As of now, a doctor in Texas who performs an abortion on a fetus with a detectable heartbeat when the mother’s safety is not at risk can be sued. The practical chilling effect of that is obvious. But when someone tries to bring such a lawsuit, the abortion provider will be able to challenge the constitutionality of the statute itself. And then this law will finally be litigated on its merits — and under current law — struck down.
Roe v. Wade was the first case to recognize the constitutional right to an abortion. But the current standard for when and how states can restrict that constitutional right was decided in Casey v. Planned Parenthood, which stated that it was maintaining the “essence” of Roe while rejecting its entire framework back in 1992. In Casey, the Supreme Court struck down the part of a Pennsylvania law that required married women seeking abortions to notify their husbands but it upheld the parts that required parental notification for minors and a 24-hour waiting period for a woman seeking an abortion. In doing so, the court lowered the test for state restrictions from Roe’s very high one and created a new standard called the “undue burden” standard that would strike down a state law that had “the purpose or effect of placing a substantial obstacle in the path of a woman seeking an abortion of a nonviable fetus.” There is no question that the Texas law is an undue burden under that definition.
Even though the Texas law is in serious legal jeopardy, reproductive rights advocates are right to be on alert. First, the Supreme Court’s majority could have said that the law was blatantly unconstitutional but that the plaintiffs simply hadn’t sued the correct party. Instead, the majority of justices just said they weren’t commenting on its constitutionality. Second, the standard in other parts of the legal world — like the one that applies to lawsuits that seek to change the rules before an election — places an emphasis on maintaining the status quo, and the majority could have followed Roberts’ dissent in this case to prevent the law from going into effect on those grounds alone. Third, those advocates know that the undue burden standard is very much in jeopardy — just not in this case.
The real challenge to Casey will come this fall, when the Supreme Court will hear arguments in a case called Dobbs v. Jackson Women’s Health Organization about the constitutionality of Mississippi’s ban on abortions after 15 weeks. Under the Casey standard, a ban on abortions at that stage is clearly an “obstacle in the path of a woman seeking an abortion of a nonviable fetus,” but court watchers all believe that there are now at least five votes to change how undue burden is defined, create a new standard altogether, or reject the constitutional right to an abortion and leave it up to states as to whether and how they want to restrict abortion access. As of today, 22 states have laws that would further restrict abortion access if Casey is overturned.

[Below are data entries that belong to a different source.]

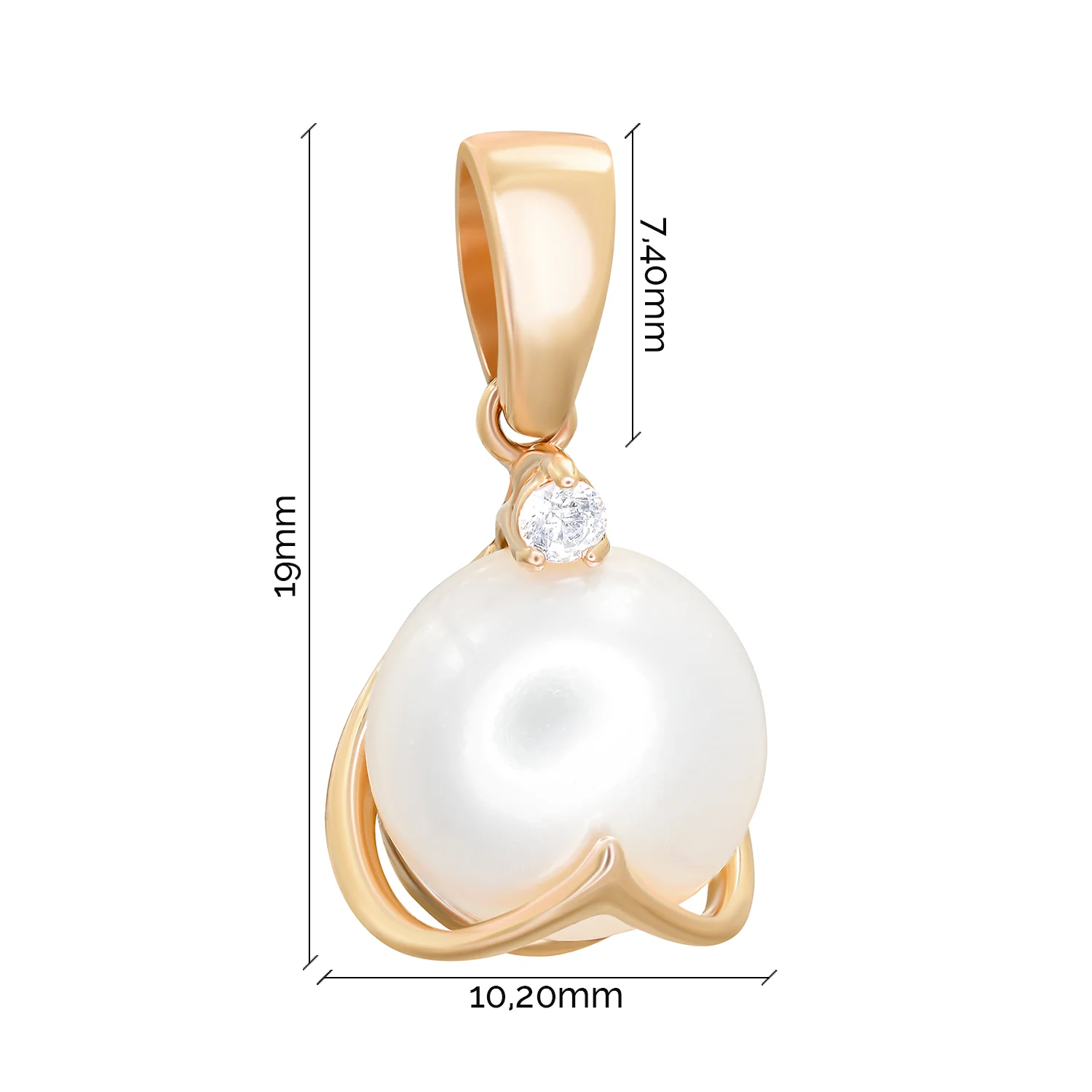 Подвес из красного золота с фианитом и жемчужиной - 890809
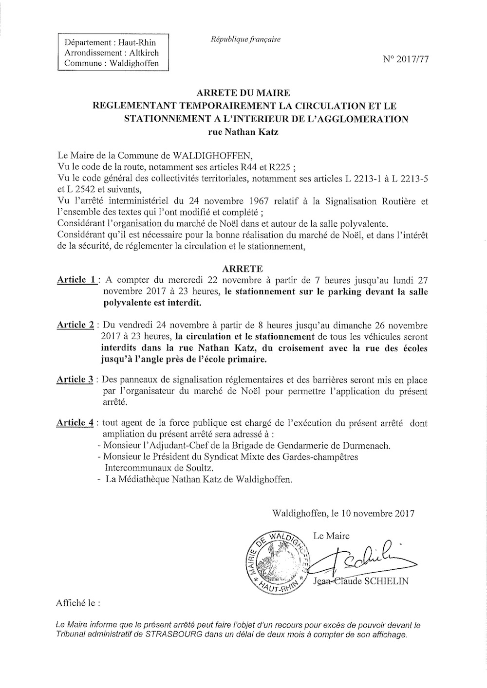Arrêté réglementant temporairement la circulation et le stationnement rue Nathan Katz
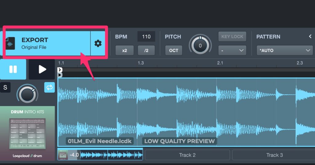 ダウンロードしたサンプルはドラック&ドロップでDAWのトラックへエクスポートができます。(購入済みになっていないとエクスポートできません)
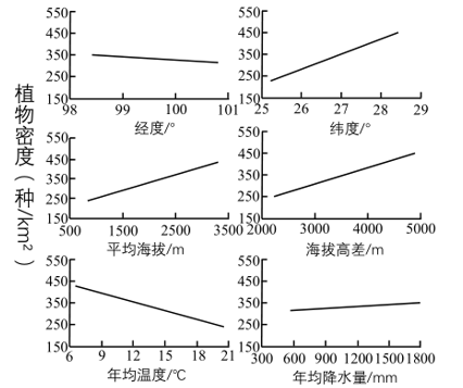 【详解】(1)该地区生物物种丰富主要从该地区的气候的复杂性、生物生存环境的多样性等角度回答。根据图中纬度信息可知,该区域所处纬度较低,热量充足,且地处我国西南地区,降水充沛;同时,该区域山高谷深,加之所处纬度较低,所以气候的垂直差异显著,生物的生存环境多样,所以生物多样性丰富。

But those anti-abortion advocates that are cheering the result this week should be wary as well. Texas legislators may have found a creative way to prevent courts from reaching this law before it went into effect, but the law will likely get struck down soon enough. In the meantime, they have provided a blueprint for any other state that wants to infringe on constitutional rights. New York can pass a law allowing its citizens to sue anyone in the state who sells someone a firearm. California could create a damages award for $50,000 for anyone who sees someone praying on public land.
If history is any guide, abortion-rights advocates have reason to be nervous. In February 2015, the Supreme Court had an emergency application to prevent Alabama from issuing marriage certificates to same sex couples. Just like this week, the court denied the request even though — just like here — it was set to hear arguments in a different case on the very same issue just a couple months later. In June 2015, the Court recognized a constitutional right for same sex couples to marry in every state of the union.
A decision in Dobbs is expected in 2022.